Wednesday, November 30, 2011

Tutorial - EUR/USD - US Equities Rise exactly with Currency Ratio

Q: Why was the "market" way up today?

A: Because the US equity markets exactly track the EUR/USD on Forex as we have said every day. This has been a fact for about two years.

Q: Why was the EUR/USD so far up today?

A: Because the US FED (Federal Reserve Board) sharply reduced the valuation of the USD today; therefore, the RATIO EUR/USD rose sharply from the smaller "denominator" in the ratio.

Q: How was that accomplished - they say there was no money "printed"?
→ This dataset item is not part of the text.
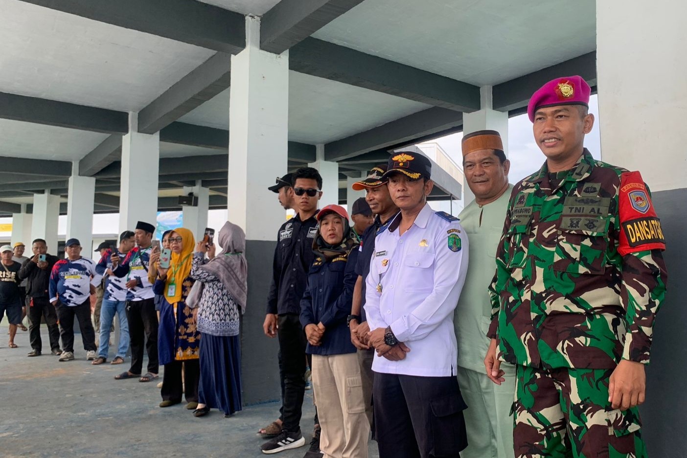 Dispen Kormar, TNI AL (Nunukan). Prajurit Pasmar 2 Korps Marinir yang tergabung dalam Satgasmar Pam Ambalat XXX melaksanakan pengamanan Penjemputan Haji asal Pulau Sebatik, Nunukan pada Musim Haji 1445 H/2024 M bertempat di Pelabuhan Pos Lintas Batas Negara (PLBN) Sei Pancang, Sebatik, Nunukan, Kalimantan Utara. Jumat (05/07/2024).
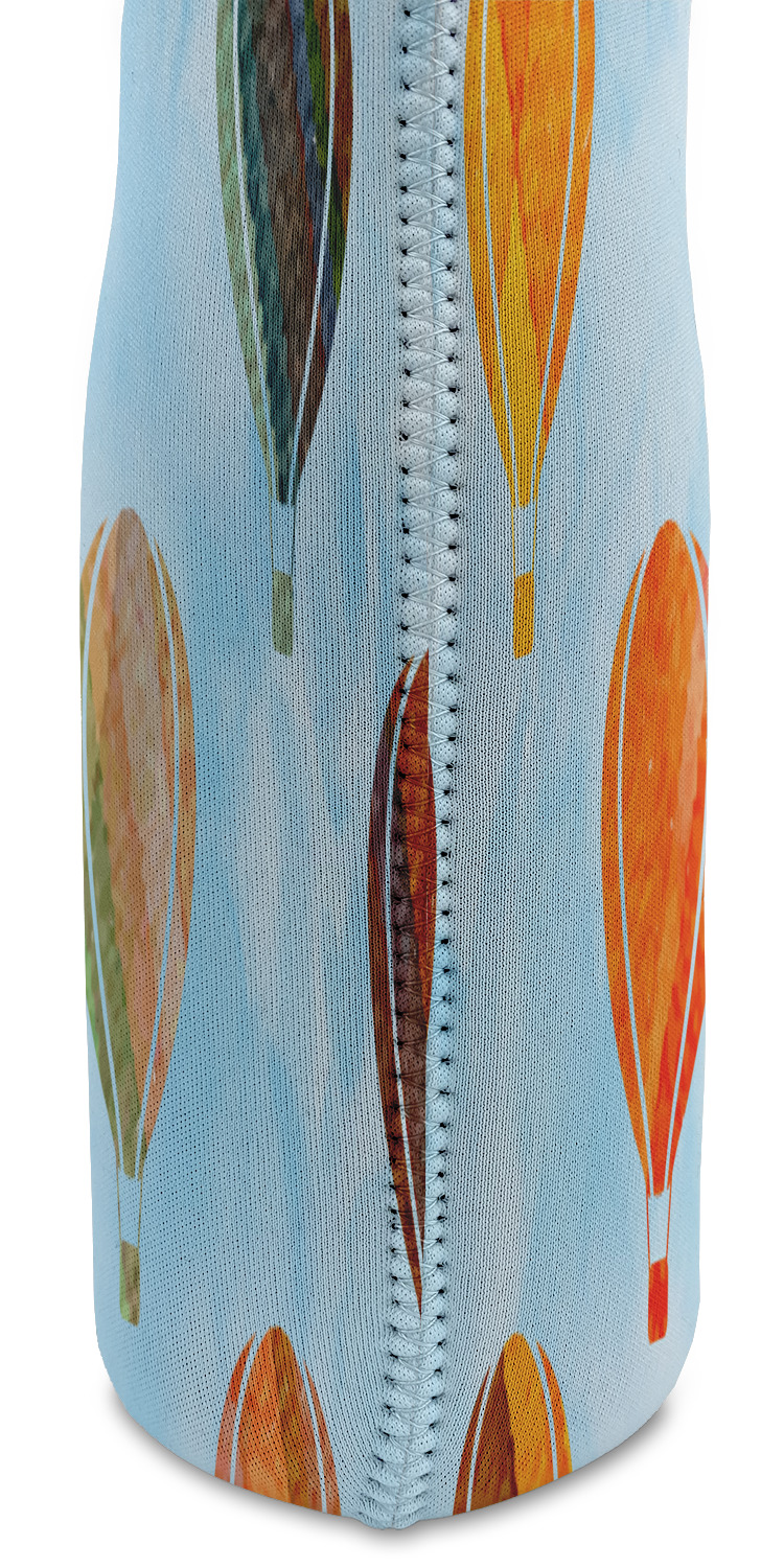 This watercolor hot air balloons design is simply adorable. The design background is the blue sky done in watercolor. The hot air balloons are also done in watercolors; in shades of oranges, reds, greens & teals.

A: It was accomplished in a similar way (remember, nomenclature is important with the worldwide economy at stake) - the FED controls interest rates for banks, even foreign/European banks, holding USD (dollars) and the FED significantly and instantly lowered those rates.

Q: Why does that affect the USD value?

A: Directly because now you get paid a lot less from owning a US dollar so you are way more apt to sell it (devalue it in favor of the Euro.) Indirectly because it is a sign of more formal "money-printing" to come.

Q: Is that all good then?

A: No. The USD has been devalued again, the same thing that has been proven to NOT WORK for the US economy. The interest rate manipulation by the FED will not change any results, only cause a delay as we said in our 11/16 post.

Q: But should we buy-buy-buy equities now?

A: No. There may be a "funds-available" rise on Dec. 1; otherwise, see our prior recommended trade (11/16) and look for ways to capitalize on a new version.